Задыхаясь от гнева, она прошептала:
– Ненавижу тебя, – и почти бегом бросилась вниз.
Он услышал, как за спиной хлопнула дверь. Правая щека его горела. Давид сел на ступени. Конечно, он сколько угодно может проклинать себя за то, что поддался минутному порыву, что оскорбил ее. Но разве, назвав себя негодяем, он станет меньше желать ее?

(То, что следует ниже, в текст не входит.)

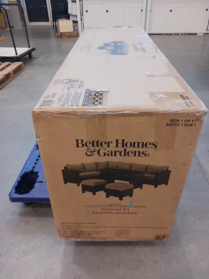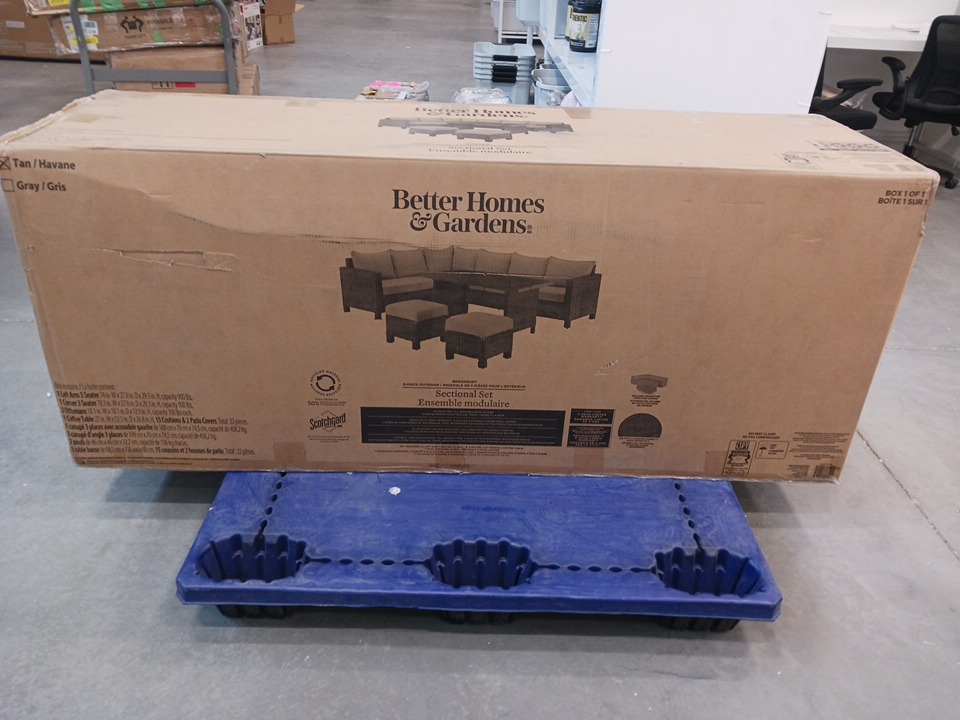 5PC Better Homes & Gardens Brookbury Patio Outdoor Sectional Set Includes Left-Arm Sofa, Right-Arm Sofa, Corner Section, Ottoman, and Tempered-Glass Coffee Table with All-Weather Handwoven Wicker and Thick Cushions - Tan Brown (Model: 5030346)

Он вновь, в который раз, вспомнил тот день…
Когда все, что случилось с ними в эти несколько минут, схлынуло, унеслось, прошло, он увидел перед собой ее. Руки Леи, проигравшие борьбу, лежали без движения, задранное платье было измято. Он осторожно сбросил ноги с ее кровати, и Лея тотчас отвернулась к стене. Она не шелохнулась, даже когда он коснулся губами ее мокрой соленой щеки. Давид поднялся, неверными руками приводя себя в порядок. Подтянул галстук, встряхнул пиджак, расправил брюки хлестким ударом ладони. Вжавшись в стенку, Лея не двигалась. Она даже не поправила скомканное платье – это сделал он, вновь присев на край кровати. Давид положил ладонь на ее щеку, повернул лицо девушки к себе, потянулся к нему. Но Лея отстранилась – и от его губ, и от слабого света, падавшего в окно комнаты.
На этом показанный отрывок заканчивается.